We look for solutions to (1.2) of the form  

$$X(t)=e^{\sigma t}\xi,$$ (5)

where $\xi$ is an $n\times 1$ constant vector. Upon substitution, $d/dt(e^{\sigma t}\xi)=Ae^{\sigma t}\xi$which yields $\sigma e^{\sigma t}\xi=Ae^{\sigma t}\xi$ or  

$$A\xi=\sigma\xi.$$ (6)

One solution of this is $\xi=0$. We seek non-zero solutions; these $\xi$ are the eigenvectors of A, and the corresponding $\sigma$ are the eigenvalues.

Example 2

$$A=\pmatrix{4&2\cr 3&3}.$$

To calculate the eigenpairs, we seek non-zero solutions $\xi$ to $(A-\sigma I)\xi=0$. Thus, $\det(A-\sigma I)=0$.

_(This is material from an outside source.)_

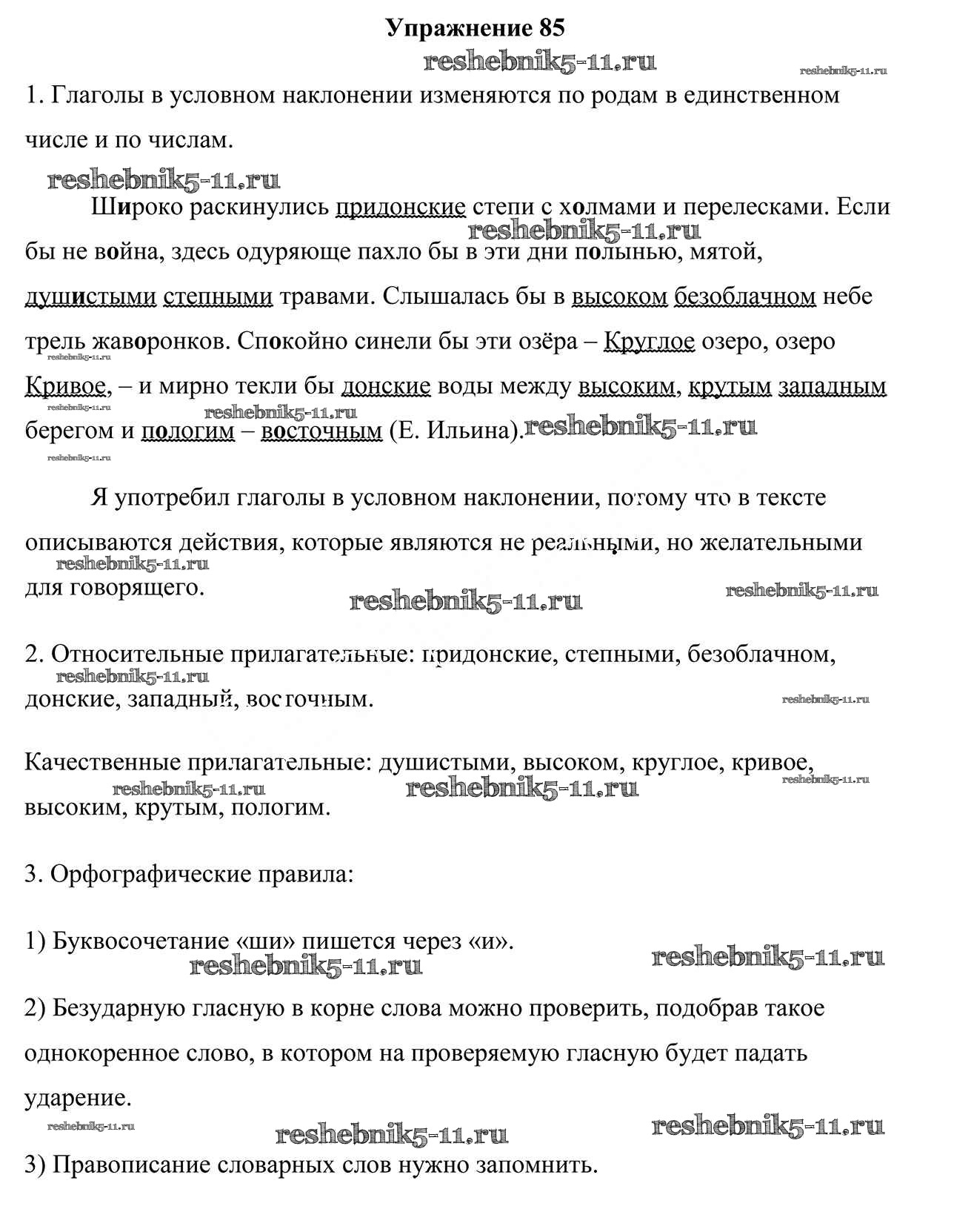 Готовая домашняя работа с ответами по Русскому языку за 7 класс Мурина, Волынец, Долбик Учебник Национальный институт образования 2015 ФГОС - Упражнения 85

$$\left\vert\begin{array} {ll} 4-\sigma & 2\ 3 & 3-\sigma\end{array}\right\vert =(4-\sigma)(3-\sigma)-6$$

$$=\sigma^2-7\sigma+6=(\sigma-6)(\sigma-1).$$

For $\sigma=6$, $(A-\sigma I)\xi=0$ with

$$\xi=\pmatrix{\xi_1\cr \xi_2}$$

yields

$$\pmatrix{-2&2\cr 3&-3}\pmatrix{\xi_1\cr \xi_2}=\pmatrix{0\cr 0}.$$

Thus, $-\xi_1+\xi_2=0$ or $\xi_1=\xi_2$. Therefore,

$$\xi=\xi_1\pmatrix{1\cr 1}.$$

For $\sigma=1$,

$$\pmatrix{3&2\cr 3&2}\pmatrix{\xi_1\cr \xi_2}=\pmatrix{0\cr 0}.$$

Thus, $3\xi_1+2\xi_2=0$ or $\xi_2=-{3\over 2} \xi_1$. Therefore

$$\xi=\xi_1\pmatrix{1\cr -{3\over 2}}.$$

Recall: If eigenvalues are distinct, then their eigenvectors are linearly independent. If A is Hermitian ($A=\overline{A}^T=A^*$or if A is real symmetric), then the eigenvectors form an orthogonal basis.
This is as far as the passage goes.